北朝鮮、ICBM実戦段階へ おとり・地下隠しで奇襲も

北朝鮮、ICBM実戦段階へ おとり・地下隠しで奇襲も
情報戦駆使、日米韓かく乱
https://www.nikkei.com/article/DGXZQOGM11BBH0R11C22A1000000/

『北朝鮮が11月18日に発射した新型大陸間弾道ミサイル(ICBM)を内外に宣伝している。国営メディアの記事や写真からは北朝鮮が一貫して「奇襲能力」の確立を目指していることがわかる。軍事技術の進展に加え、それをさらに大げさにみせる情報戦も駆使して日米韓をかく乱しようとしている。

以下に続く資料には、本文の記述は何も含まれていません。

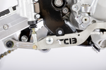 Elle offre ainsi une amélioration des performances dans les virages, de la stabilité et de la traction du train avant. Les longerons principaux ont une forme trapézoïdale pour assurer un bon équilibre entre rigidité et flexibilité. Grâce à un bras oscillant en aluminium CNC la géométrie permet un meilleur transfert de charge sur la roue arrière pour une meilleure motricité. La boucle arrière participe à la centralisation des masses.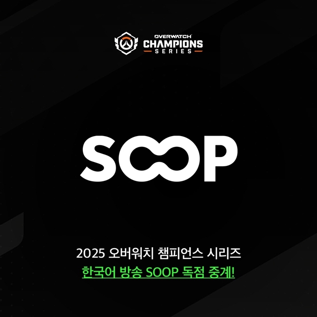 2025년 진행되는 글로벌 '오버워치' 이스포츠 대회의 한국어 중계를 SOOP에서 단독으로 만나볼 수 있다. SOOP은 '2025 오버워치 챔피언스 시리즈(Overwatch Cham...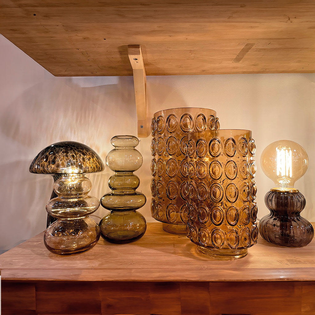 La transparence teintée du verre crée un joli jeu de lumière, même éteinte.
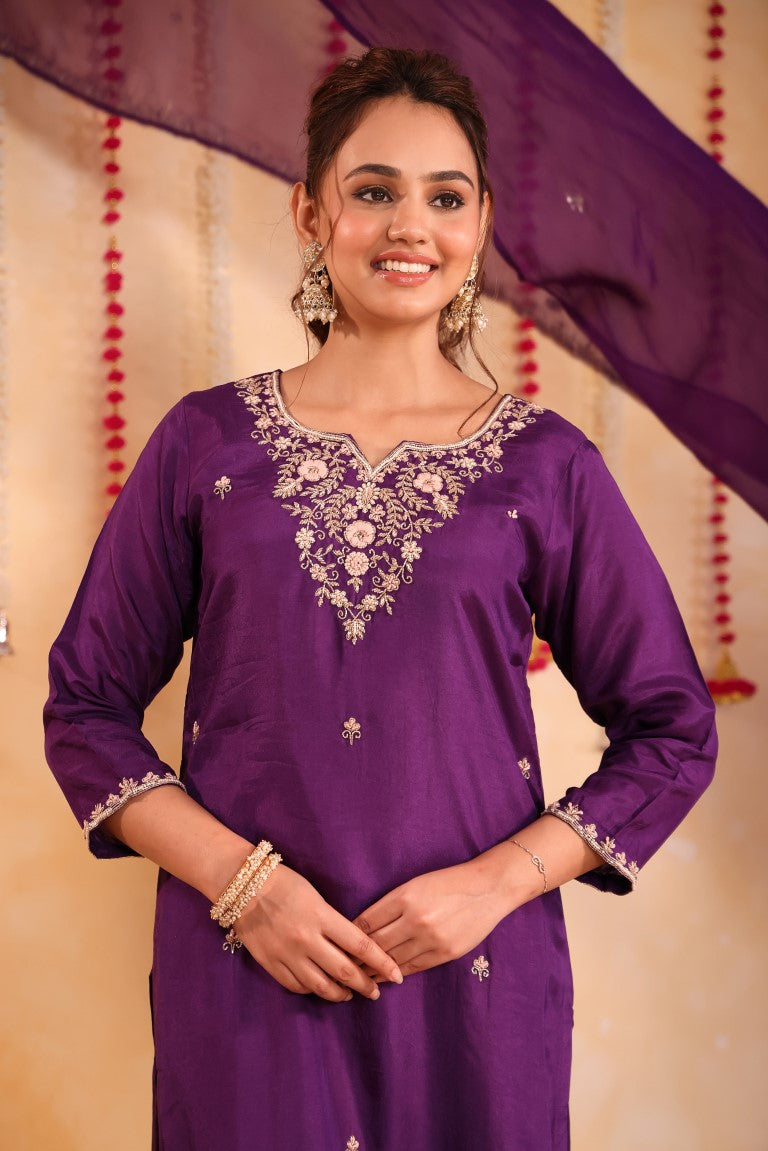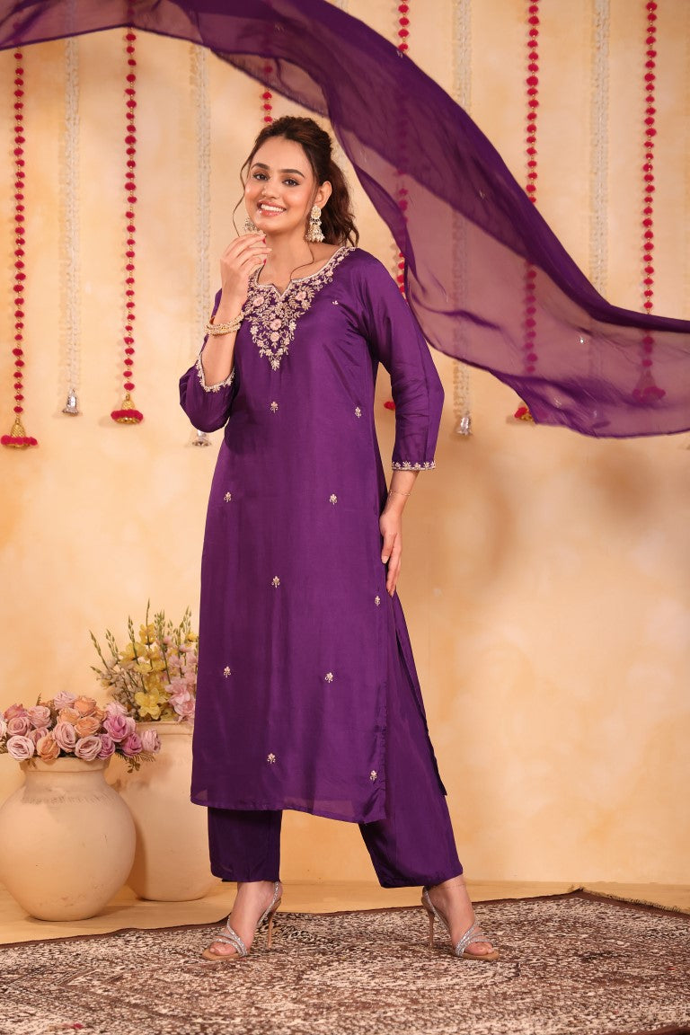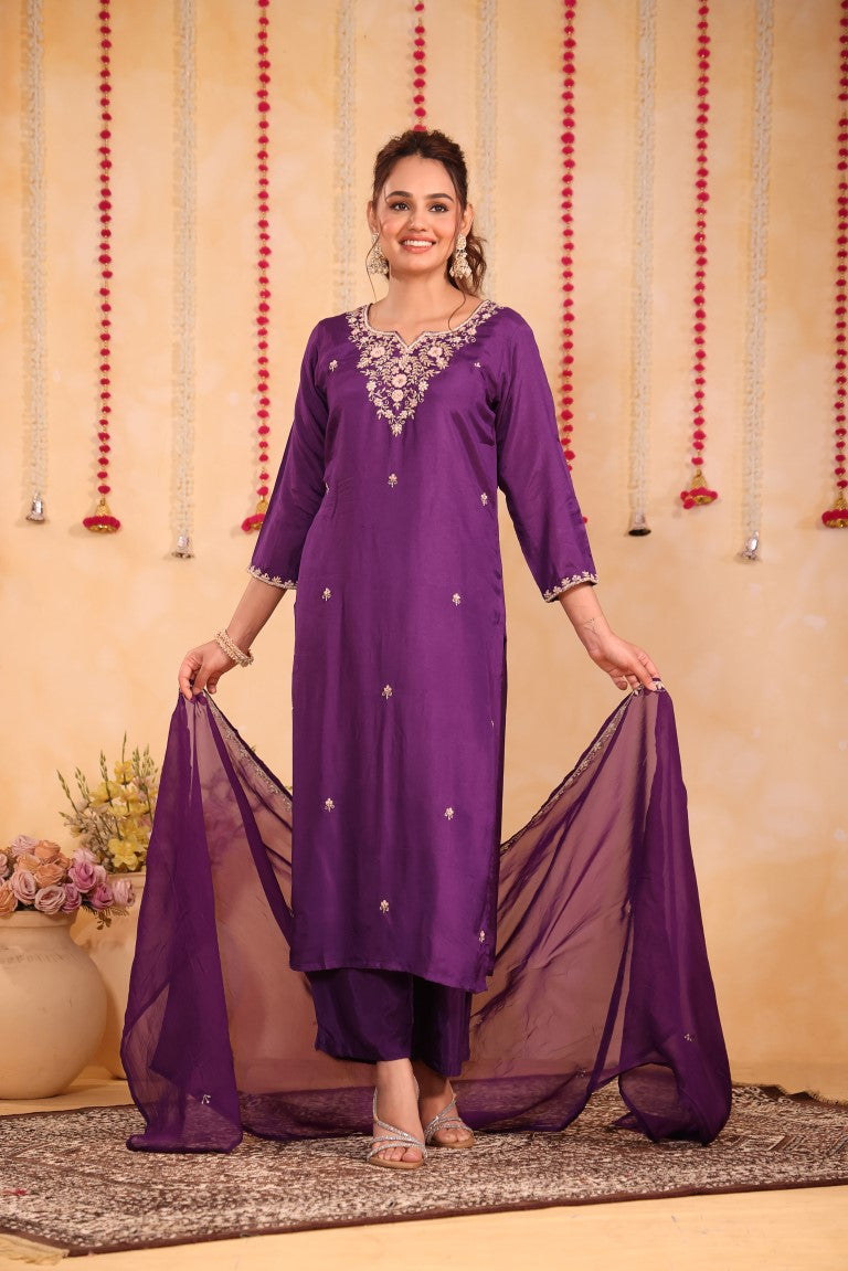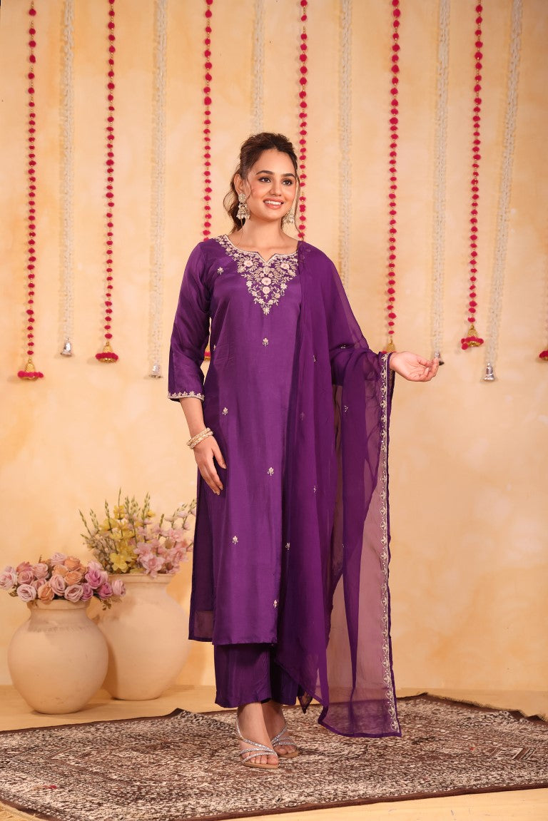 This elegant 3-piece set includes a kurti, pant, and dupatta crafted from premium silk fabric. Featuring intricate hand embroidery, it exemplifies refined ethnic craftsmanship. Perfect for special occasions, this kurta set combines traditional artistry with contemporary style for a sophisticated look.

新型ICBM「火星17」型の発射台、第321号に「英雄」の称号を授与――。北朝鮮の朝鮮中央通信は27日、こんな記事を流した。韓国メディアは「人物以外に称号を与えるのは例がない」(聯合ニュース)と注目した。

北朝鮮はなぜ「発射台」をたたえたのか。北朝鮮がこの1週間前に公開したミサイル発射の写真にヒントがある。

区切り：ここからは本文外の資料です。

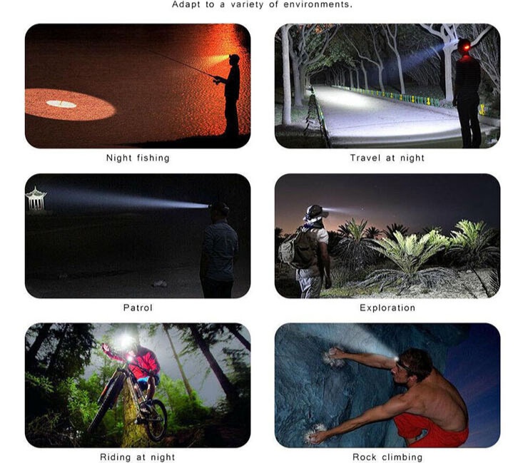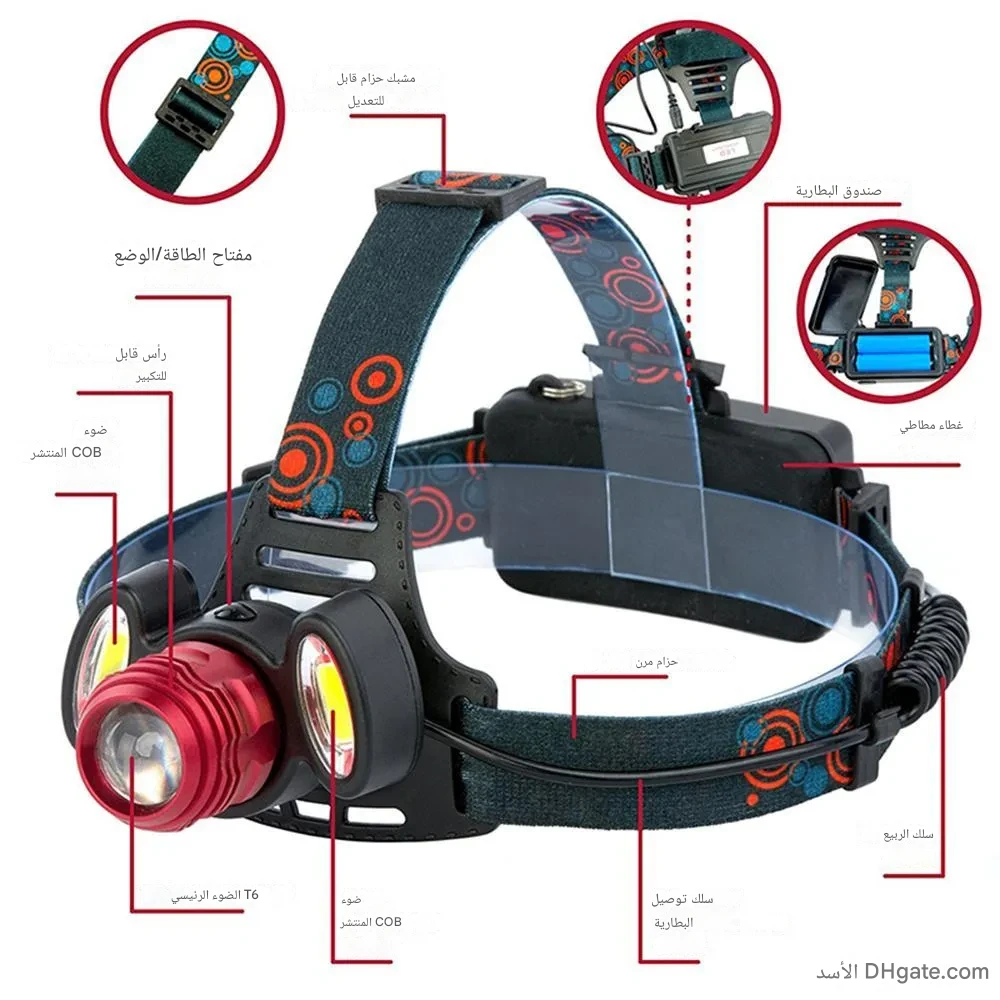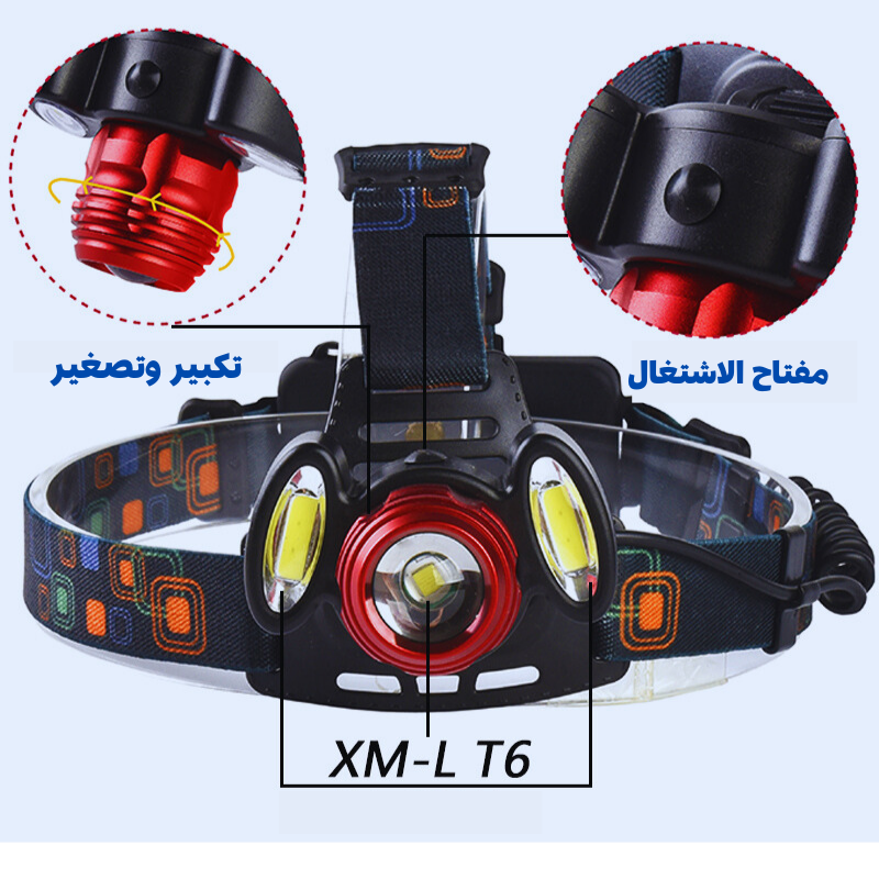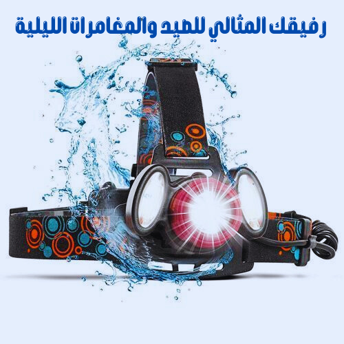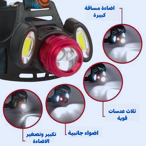 مصباح LED رأس بثلاث عدسات اضاءة zoom وبطاريتين ليثيوم تدوم لأكثر من 18 ساعة! مثالي للصيد والمغامرات الليلية

北朝鮮メディアが公開した、新型大陸間弾道ミサイル(ICBM)「火星17」の発射実験とされる写真(18日、平壌)=朝鮮通信

北朝鮮が18日に撃ったICBMは高度6000キロメートルまで上昇し、日本の排他的経済水域(EEZ)にあたる日本海に落下した。翌日公開された写真のなかに、広大な敷地からミサイルが上昇する様子をとらえた1枚がある。

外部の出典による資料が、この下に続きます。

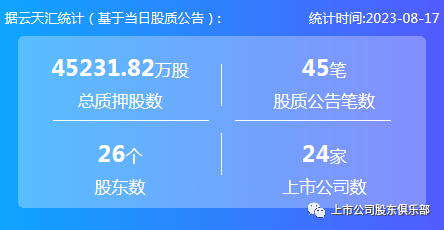 2023年8月17日,股票质押总质押股数4.52亿股,上市公司数24家,股质公告笔数45笔,股东数26个。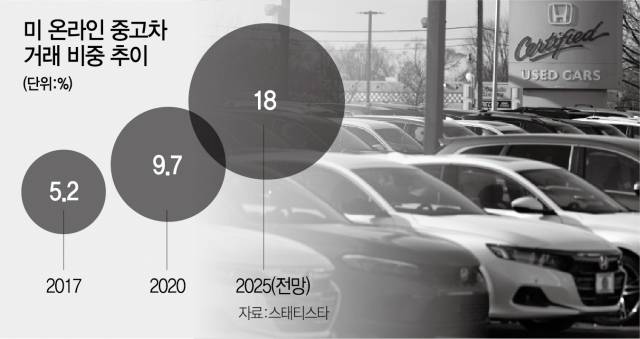 미국 내에서 중고차 거래량은 연간 4,000만 대로 신차(트럭 포함) 판매량의 2배를 넘는다. 아직은 오프라인 거래 비중이 높다. 하지만 온라인 플랫폼의 성장세는 가파르다. 지난해 글로벌 시장 조사 업체 스태티스타는 지난 2020년 9.7%에 머물렀던 온라인 중고차 거래 비중이 오는 2025년에는 약 2배인 18%가 될 것으로 전망했다.

米政府系メディア、ボイス・オブ・アメリカ(VOA)はこの写真の場所を衛星写真との比較から、首都平壌・順安空港の民間滑走路と軍用滑走路の中間地点と分析した。ミサイル関連施設から6キロメートルほど離れているという。

世界最大級のICBM「火星17」は液体燃料を入れると重量が100トンに達し、移動は容易ではないとの見方があった。VOAの分析では3月にICBMを撃った際はミサイル施設から800メートル程度しか動かしていなかった。今回はわざわざ遠くまで運び、撃ったことになる。
米韓は衛星や偵察機で北朝鮮のミサイル発射拠点を監視する。攻撃兆候を捉えて発射台を打撃できるようにするためだ。発射台に動かれると打撃の難度は上がる。

権容守(クォン・ヨンス)前国防大教授は「空港内に陣地をつくり、動きながら発射する作戦運用を試した」とみる。「陣地のなかでミサイルと同じ形のものを一緒に動かせば相手をかく乱できる」と指摘し、おとりを使い米韓の先制打撃を阻止する戦術を採る可能性に触れる。

移動式発射台を「TEL」という。北朝鮮はこれまでもTELの移動能力を活用し、実戦にみたてた奇襲作戦を試してきた。今回の発射のやり方はICBMが試験から実戦段階に移行しつつあることを裏付ける。

27日の朝鮮中央通信はミサイル技術者らが金正恩(キム・ジョンウン)総書記に宛てた手紙の内容も伝えた。金正恩氏に「発射台の自走」や「地下発射場の準備」を教示され、完成をめざしたと記されている。地下に隠したICBMの発射も研究しているようだ。

奇襲戦を意識した発表はこれまでもある。9月には貯水池から短距離弾道ミサイルを飛ばす写真を公表した。これも発射地点を読みにくくさせる新たな戦術だ。

一方で発表が常に正しいかは分からない。11月2日に大量のミサイルを発射した際、北朝鮮は弾道ミサイルなどに加え、日韓に近い海域に「2発の戦略巡航ミサイル」を撃ち込んだと発表した。落下地点の緯度と経度まで掲載した。

韓国側は巡航ミサイルを探知したとは公表していなかった。もし低高度を複雑な軌道で飛ぶ巡航ミサイルが韓国側の探知網をくぐり抜けたのなら、奇襲能力の高さを示したことになる。

韓国国防省は「韓米の監視・偵察の結果、北朝鮮の主張は事実と異なる。探知はしていない」と認めなかった。北韓大学院大の金東葉(キム・ドンヨプ)教授は「事実というより、今後はこういうこともあり得るという強いメッセージだろう」と分析する。

虚偽の情報で相手を不安にさせることを「欺瞞(ぎまん)作戦」などと呼ぶ。偽情報も使い敵対勢力を混乱させるのもひとつの戦術だ。

こういった相手との戦争を抑止するには探知、迎撃、反撃に多くの軍事資源が要る。日本が反撃能力を持てば米韓と協力できる場面は増える。有事も想定しながら情報連携を緊密にする必要がある。